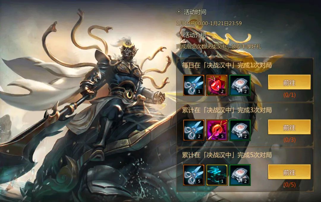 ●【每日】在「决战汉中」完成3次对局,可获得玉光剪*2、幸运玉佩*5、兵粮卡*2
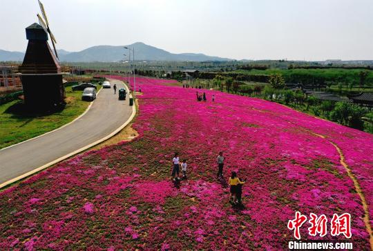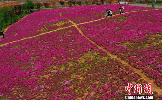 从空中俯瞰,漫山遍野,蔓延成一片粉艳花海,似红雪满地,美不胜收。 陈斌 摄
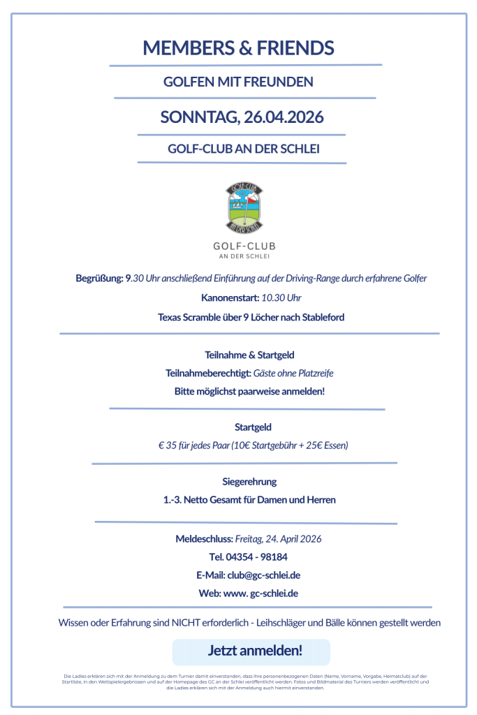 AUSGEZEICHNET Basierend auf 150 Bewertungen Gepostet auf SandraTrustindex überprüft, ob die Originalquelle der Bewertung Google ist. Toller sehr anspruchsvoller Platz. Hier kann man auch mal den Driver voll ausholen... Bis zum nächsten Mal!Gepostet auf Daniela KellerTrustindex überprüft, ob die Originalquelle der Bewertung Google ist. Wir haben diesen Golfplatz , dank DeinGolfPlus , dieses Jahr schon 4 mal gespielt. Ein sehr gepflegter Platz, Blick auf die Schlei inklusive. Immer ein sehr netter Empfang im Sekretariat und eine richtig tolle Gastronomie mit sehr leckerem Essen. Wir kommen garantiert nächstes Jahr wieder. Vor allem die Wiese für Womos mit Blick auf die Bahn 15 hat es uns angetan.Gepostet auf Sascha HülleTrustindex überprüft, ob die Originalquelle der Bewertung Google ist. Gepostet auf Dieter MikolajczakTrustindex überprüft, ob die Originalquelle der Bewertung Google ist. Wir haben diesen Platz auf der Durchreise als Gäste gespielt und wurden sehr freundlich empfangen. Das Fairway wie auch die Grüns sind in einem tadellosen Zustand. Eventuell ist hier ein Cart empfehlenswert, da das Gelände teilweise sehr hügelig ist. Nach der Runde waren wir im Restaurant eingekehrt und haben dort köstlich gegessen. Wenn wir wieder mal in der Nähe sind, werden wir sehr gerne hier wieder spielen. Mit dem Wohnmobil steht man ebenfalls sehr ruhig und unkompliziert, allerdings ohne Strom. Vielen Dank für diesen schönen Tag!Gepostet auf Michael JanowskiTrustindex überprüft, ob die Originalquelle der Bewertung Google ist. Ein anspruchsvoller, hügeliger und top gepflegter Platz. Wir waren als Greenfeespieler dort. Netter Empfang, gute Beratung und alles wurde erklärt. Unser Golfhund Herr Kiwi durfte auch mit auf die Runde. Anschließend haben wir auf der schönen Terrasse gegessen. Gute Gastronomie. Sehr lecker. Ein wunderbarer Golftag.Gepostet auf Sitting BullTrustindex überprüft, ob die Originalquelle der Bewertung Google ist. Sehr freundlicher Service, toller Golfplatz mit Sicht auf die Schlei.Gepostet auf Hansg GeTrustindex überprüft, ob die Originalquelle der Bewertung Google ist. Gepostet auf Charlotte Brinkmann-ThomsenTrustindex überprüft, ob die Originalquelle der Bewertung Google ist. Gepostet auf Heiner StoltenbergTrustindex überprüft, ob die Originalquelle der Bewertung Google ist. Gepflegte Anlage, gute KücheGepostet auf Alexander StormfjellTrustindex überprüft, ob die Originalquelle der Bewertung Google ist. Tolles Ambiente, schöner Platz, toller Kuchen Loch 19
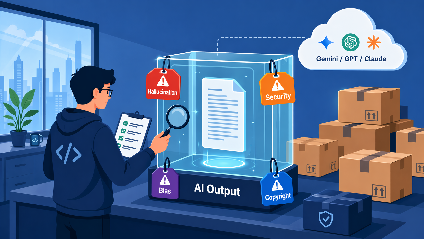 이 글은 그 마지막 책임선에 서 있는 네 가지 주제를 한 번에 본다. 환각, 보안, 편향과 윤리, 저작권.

# # # # # # #

Make an exact copy of the lines from the top of the material through the line with "从空中俯瞰,漫山遍野,蔓延成一片粉艳花海,似红雪满地,美不胜收。 陈斌 摄", pictures excluded.

 ●【每日】在「决战汉中」完成3次对局,可获得玉光剪*2、幸运玉佩*5、兵粮卡*2
 从空中俯瞰,漫山遍野,蔓延成一片粉艳花海,似红雪满地,美不胜收。 陈斌 摄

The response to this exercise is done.